Ослепительная вспышка, сопровождавшаяся раскатистым отдалённым грохотом, перешедшим в сонными волнами затухающий треск, озарила старушечье тельце и убогую обстановку спаленки, и сгинула во мраке и тиши. С отчётливым дзеннннь пружина настенных часов «Молния» выскочила из гнезда и, мгновенно распрямившись, ударилась в защитный кожух механизма.

3

Однако, - первое, что пришло на ум при взгляде на часы. Она и в молодости не засыпалась чуть не до обеда, что уж говорить о теперешних временах, когда потребность во сне пугающе регрессирует. Что ж, пора приниматься за хозяйство. Вслед за этой мыслью пришло изумление - вчера она и думать не хотела ни о чём подобном. Она помнила, что ей было плохо и больно, потом пришёл сон – или что это было, неважно, важно то, что она ощущала свое состояние именно как сон, и ей виделось что-то, и тоже неважно что, главное – именно видения, поскольку последние лет десять она видела снов не больше, чем полено.

Старуха оглядела комнату: протереть пыль да заменить салфетки под иконами на те, что посвежее?

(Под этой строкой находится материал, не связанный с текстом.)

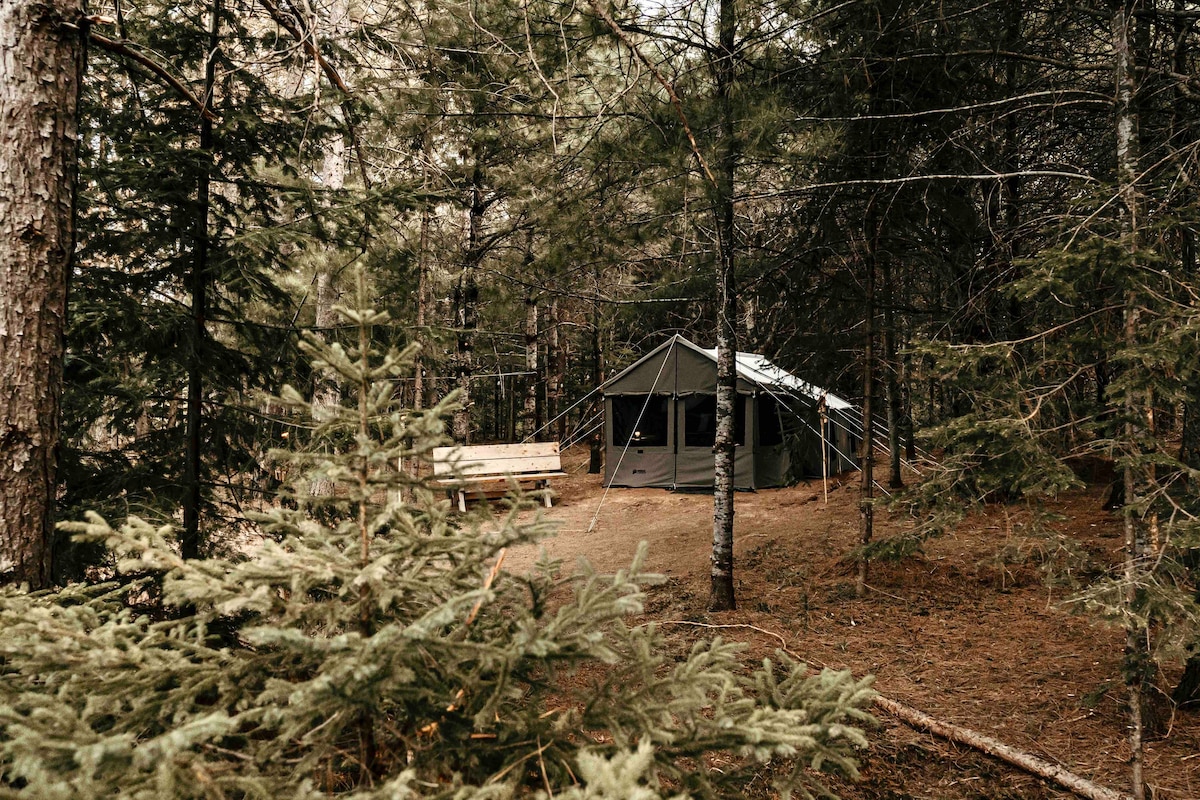 NATURE ELEVATED. ONE SEAMLESS STAY. EVERY RESORT AMENITY INCLUDED IN RATE. ONE PRICE = EVERYTHING. NO SURPRISE FEES--JUST GOOD TIMES. | Stay in Baby Face Nelson's Luxury Tent #14 at POV Lake Resort. Tent spaciously sleeps 4 with a full size futon and a queen bed. Stunning Northwoods view & short walk to easy lake access w/sandy beach. On site hiking trails, paddleboards, kayaks, canoes, game room, general store & stargazing. Boat rental & romance packages avail. No pets or hookups.

Да и таз…

Она свесила с кровати ноги и, шевеля пальцами, попыталась нащупать дырявые вязаные тапочки. В пределах досягаемости таковых не оказалось. Старуха широко зевнула, слезла с кровати и прошлёпала до коврика с оленями босиком, ступнями ощущая прохладу половиц и предвкушая удовольствие от ежеутреннего ритуала. И замерла: не тикают! Она недоверчиво глядела на «Молнию», висящую на хромированной цепочке, будто часы были одушевлённым существом, жестоко разыгрывавшим несчастную старую женщину. Марина Фёдоровна прислушалась. Ну да, она глуховата, но ведь это не мешает ей внимать жужжанию мух и хрипам в собственной груди. Стоят часы. Странно, учитывая, что завод-то недельный, а крутит она неудобный «барашек» каждый день. Не могла же она неделю проваляться…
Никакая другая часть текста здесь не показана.